Self Assessment for Dividend Income 2026/27
If your dividend income exceeds £500, you must report it through Self Assessment. HMRC cannot collect dividend tax through PAYE. This guide covers exactly when to register, what to include, deadlines, and penalties for missing them.
Last updated for the 2026/27 tax year.
Key dates for 2026/27
| Tax year end | 5 April 2027 |
| Register for Self Assessment by | 5 October 2027 |
| Paper return deadline | 31 October 2027 |
| Online return and payment deadline | 31 January 2028 |
When you must file
You must register for Self Assessment if your dividend income exceeds £500 in a tax year. That threshold came in from 2024/25, reduced from £1,000. HMRC has no way to collect dividend tax automatically through PAYE. The responsibility to declare and pay sits entirely with you.
If you already file Self Assessment for another reason — self-employment, rental income, salary above £100,000, being a company director — you just add dividend income to that return. No separate filing needed. If you don't currently file, you must register with HMRC by 5 October following the end of the tax year.

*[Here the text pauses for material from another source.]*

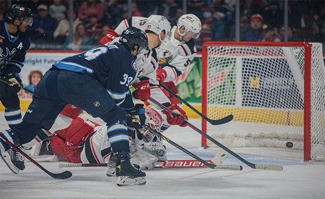 The Griffins emerged for the second period with a different netminder between the pipes, as Calvin Pickard took over for Brattstrom. Grand Rapids scored first this frame as the Moose had a breakdown in the defensive zone. That led to the 4-2 goal from Kyle Criscuolo at 9:33. Despite being outshot 10-2 by the Griffins in the middle stanza, Holm was steady and kept the Moose ahead 4-2 after 40 minutes of play. Shots on goal favoured Manitoba 21-14.
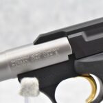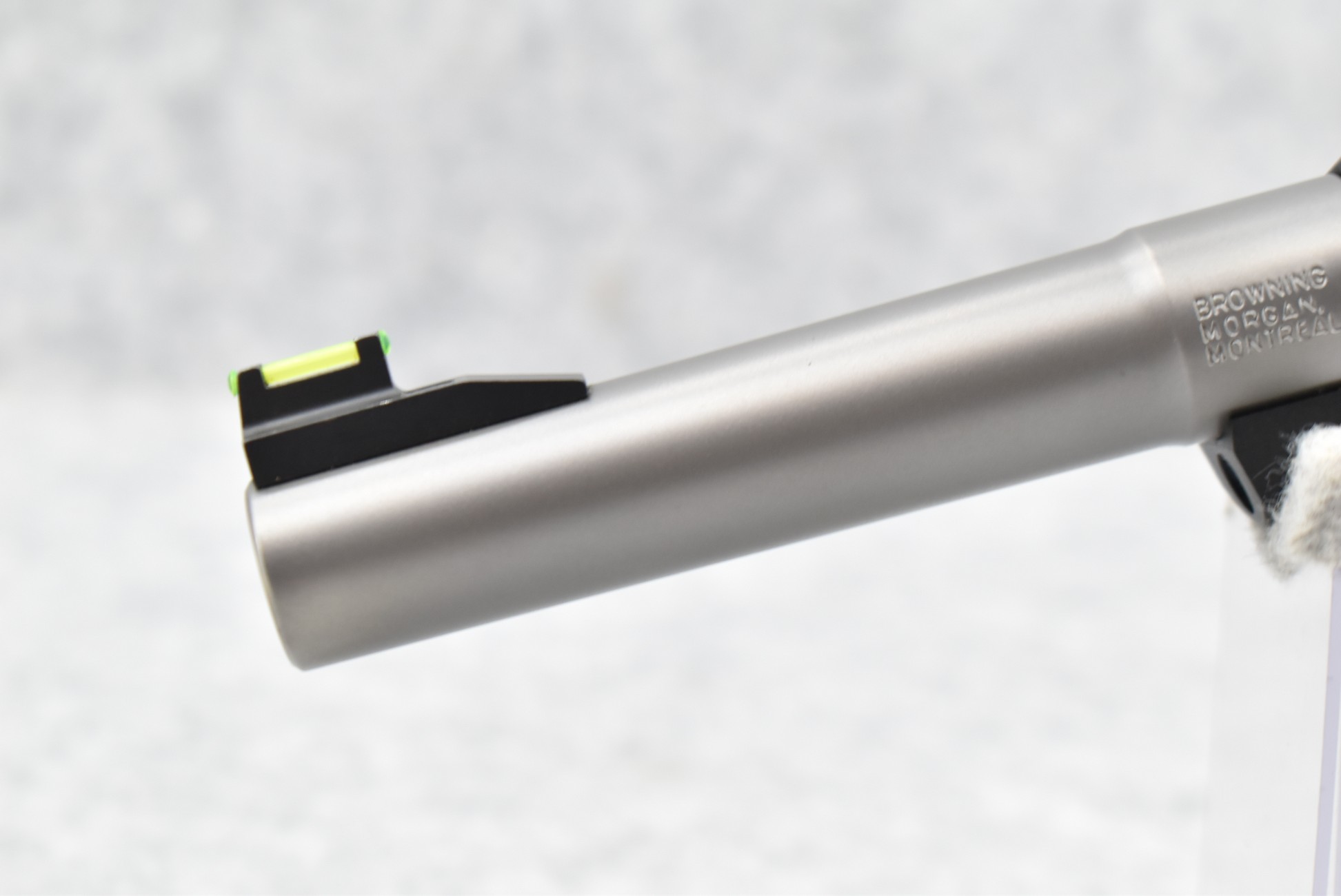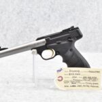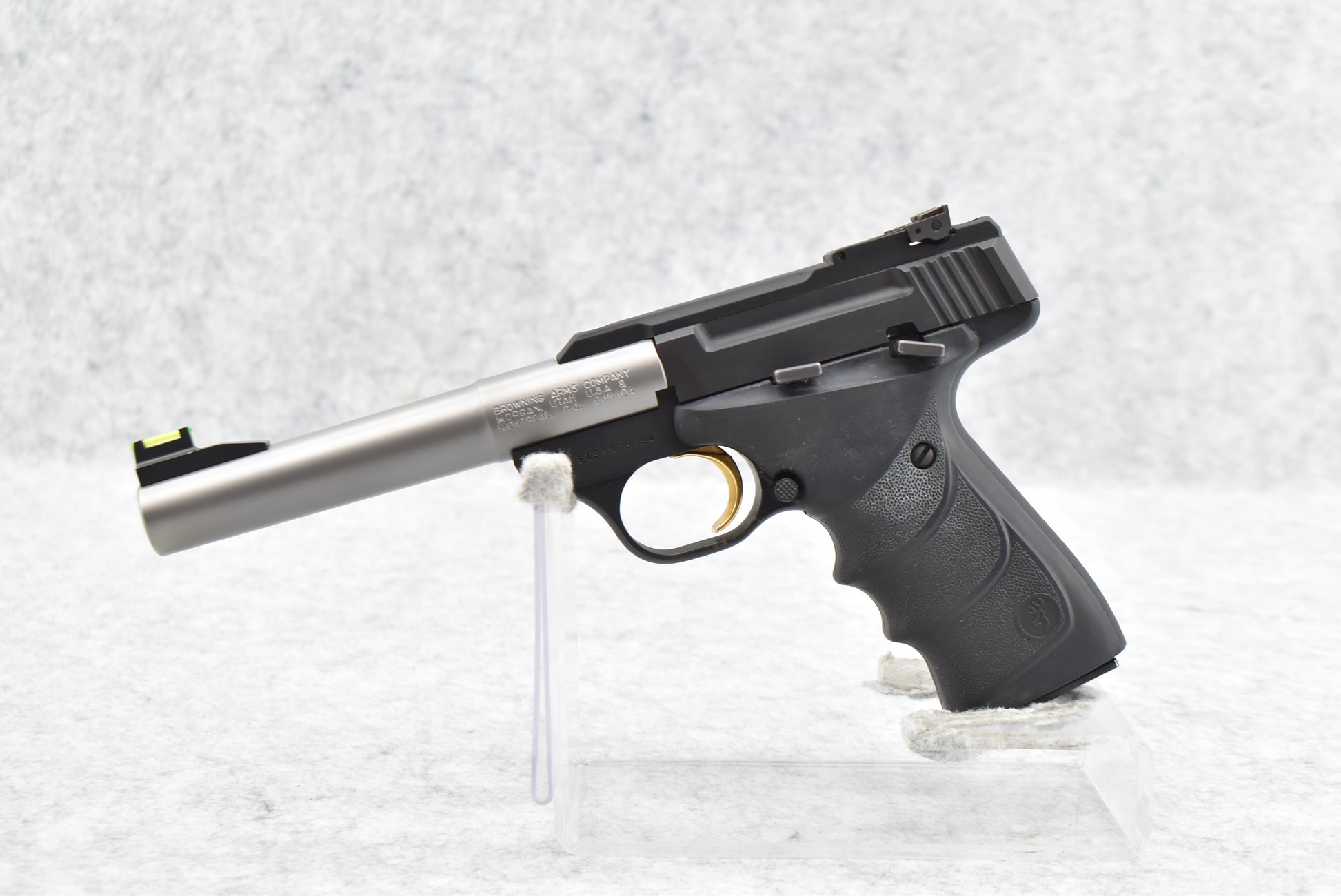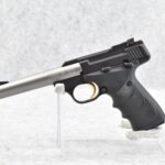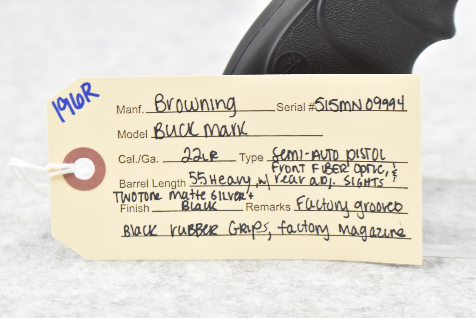 196R. Browning – Mod. Buckmark – 22LR Cal. Semi-Auto Pistol – w/5.5” Heavy Barrel w/Front Fiber Optic & Rear Adj. Sights – Matte Silver & Black Two-Tone Finish – w/Factory Grooved Black Rubber Grips – w/Factory Magazine

What to include on the return
UK dividends go in the 'UK dividends' section of the SA100 (with SA101 supplementary pages if needed). UK dividends have no withholding tax, so the figure on your broker statement or dividend voucher is the gross amount.
Your investment platform usually provides a consolidated tax certificate in April covering all dividends paid during the year. Use that. Enter the total and HMRC's system applies the £500 allowance and calculates tax at the right rate.
Foreign dividends go on the SA106 Foreign income supplementary pages — not the UK dividends section. Enter the gross amount before any withholding tax, the withholding tax deducted, and claim any double taxation relief. Convert foreign currency to sterling at the exchange rate on the date you received it.
Worked example: calculating what you owe
Scenario: An investor has a salary of £35,000 and dividend income of £3,000 outside an ISA in 2026/27.
- Total income: £38,000. Salary already uses the Personal Allowance (£12,570) and sits within the basic-rate band.
- Dividends of £3,000 sit on top. Total income is £38,000, within the basic-rate band.
- First £500 of dividends: dividend allowance, £0 tax.
- Remaining taxable dividends: £2,500 at 8.75% = £218.75.
- Total dividend tax due: £218.75.
- Self Assessment required: Yes, dividends exceed £500.
- Deadline to file and pay: 31 January 2028 (for 2026/27 income).
Salary income tax is collected through PAYE and need not be re-reported unless the PAYE tax code was wrong.
Penalties for late filing or non-filing
If you miss the 31 January filing deadline:
- Immediately: £100 fixed penalty (even if no tax is owed).
- 3 months late: £10 per day for up to 90 days (maximum £900).
- 6 months late: 5% of tax due or £300, whichever is greater.
- 12 months late: A further 5% of tax due or £300.
Interest also runs on late payment from 31 January. If you have missed a deadline, file as soon as you can and contact HMRC. They may reduce penalties for genuine error, but that is not guaranteed. Penalties apply even if no tax is owed.
ISA and pension dividends, no filing needed
Dividends inside a Stocks and Shares ISA or pension (SIPP) are completely exempt and don't need to be declared. They don't count toward the £500 threshold either. If all your dividends come from ISA holdings, you have no dividend tax reporting obligation regardless of the amount received.